Seattle Times staff reporter
There are two Pete Carrolls, but we usually only hear about one of them. That’s the guy we see chomping gum on the sideline and heaving footballs before games and generally having a blast. That Pete Carroll is 62 going on 30 and was once considered unfit for the NFL. Today he is held up as the antithesis of what is expected from an NFL coach.
“He defies age,” safety Earl Thomas says.
But what about the other Pete Carroll? He’s the one who notices when a player’s foot placement is slightly off at practice, who constructed the blueprint for Seattle’s defense and who will rip a player when needed.
The perception of Carroll through the years has played out like a game of tug of war. Can the coach deemed too laid back for the NFL be the same one whose team is now on the verge of the Super Bowl?
“With the talk about all the rah-rah stuff, it sort of misses the point of it,” says Spencer Torgan, a walk-on under Carroll at USC. “He’s deadly serious when it comes to football. He just believes it’s OK to have fun doing it. But if you step out of line or cross him, you’re either gone from the program or you might as well be dead to him.”
Everyone has a Pete Carroll story. Receiver Doug Baldwin settles on one in seconds.
Chicago last year.

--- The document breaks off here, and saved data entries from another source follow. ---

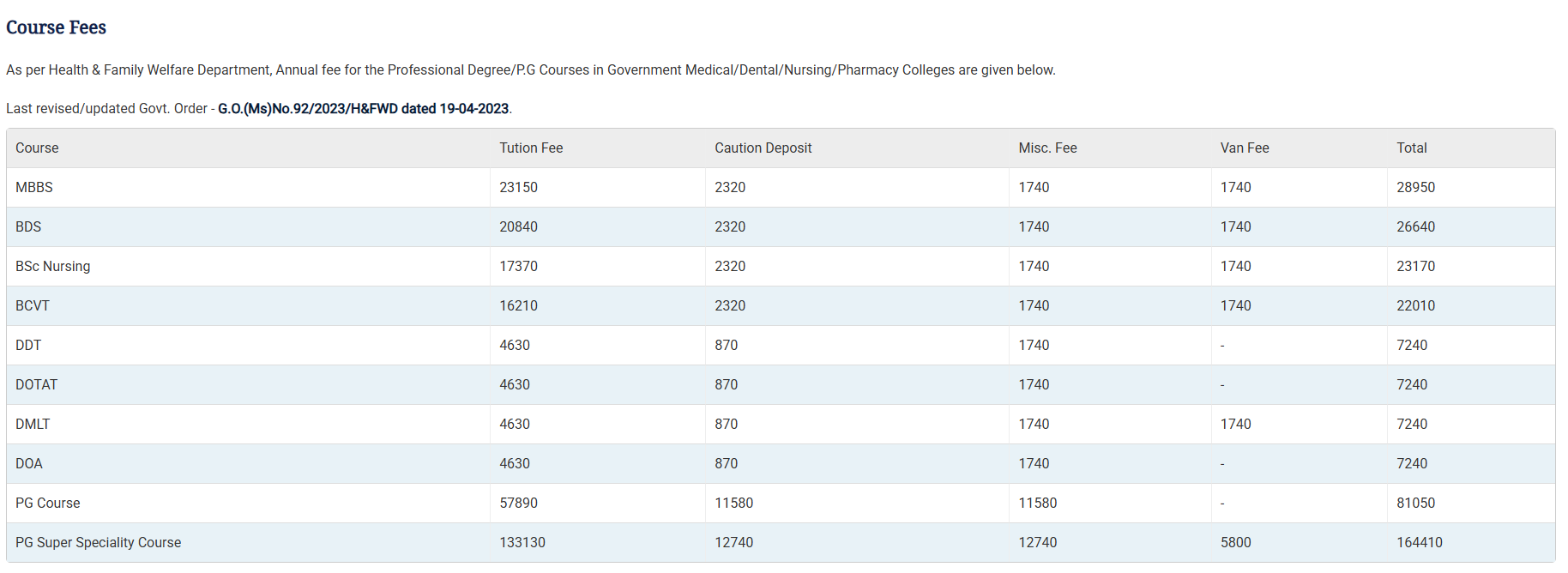 Ques. What is the total fee for the DDT course at GMC Thrissur?
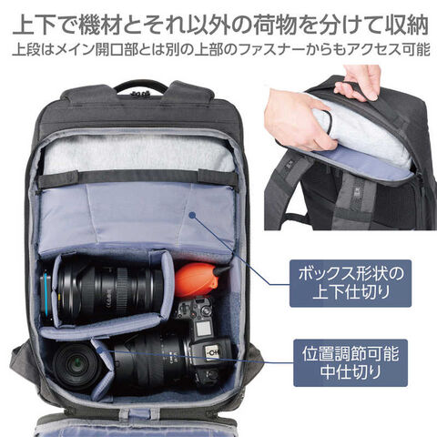収納の目安:一眼カメラと交換レンズ1本~2本、ブロアーなどのカメラアクセサリー+15インチ相当のノートPC
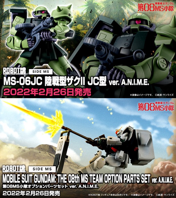 Il tipo di terra Zaku II tipo JC e il 08th MS Team set di parti di opzione dalla ver spiriti ROBOT.A.N.I.M.E. robot Figura serie entrambi andare in vendita oggi sabato, febbraio 26th.
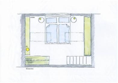 SCHLAFRAUM: Doppelbett (1,80 m x 2,00 m), allergikergerechtes Bettdeckenmenue (Sommer- und Winterdecken) für 2 Personen, Bettwäsche (frisch bezogen), Artemide-Leselampen am Bett, ausreichend Stauraum in zahlreichen hochwertigen Einbauschränken, 3 Fenster Richtung Dünen, Dorfteich und Dorf.
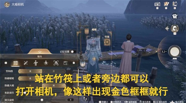 传送至【后山】锚点,附近即可找到竹筏。站在竹筏旁或竹筏上,出现两个金色取景框即可完成拍摄。
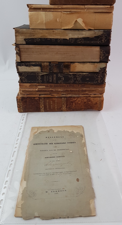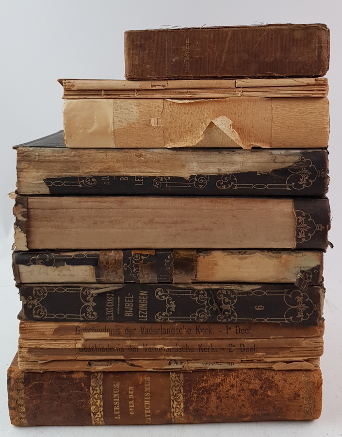 Een lot boeken met betrekking tot theologie, waaronder C. van Proosdij - Zacharius Ursinus. Verklaring op den Heidelbergschen Catechismus. Kampen: G. Ph. Zalsman, 1886. [Totaal: 12]. |

Baldwin’s on the field when he sees Carroll emerge from the locker room. He scoops up some snow, packs it together and fires a snowball at his coach. Nails him. Carroll vows revenge.
New York this year. Carroll comes out of the locker room again, and again Baldwin is ready. Nails him. Carroll grabs some snow and comes back at his third-year receiver.
“He didn’t get me,” Baldwin says. “He missed his opportunity, right?”
“Pete sneaks on the bus with a snowball,” Baldwin continues. “He’s hiding behind somebody and is creeping on the bus and then he hits me in the head.”
Pete Carroll is the kind of guy you can get in a snowball fight with. But he’s also the kind of guy who will drill you in the head.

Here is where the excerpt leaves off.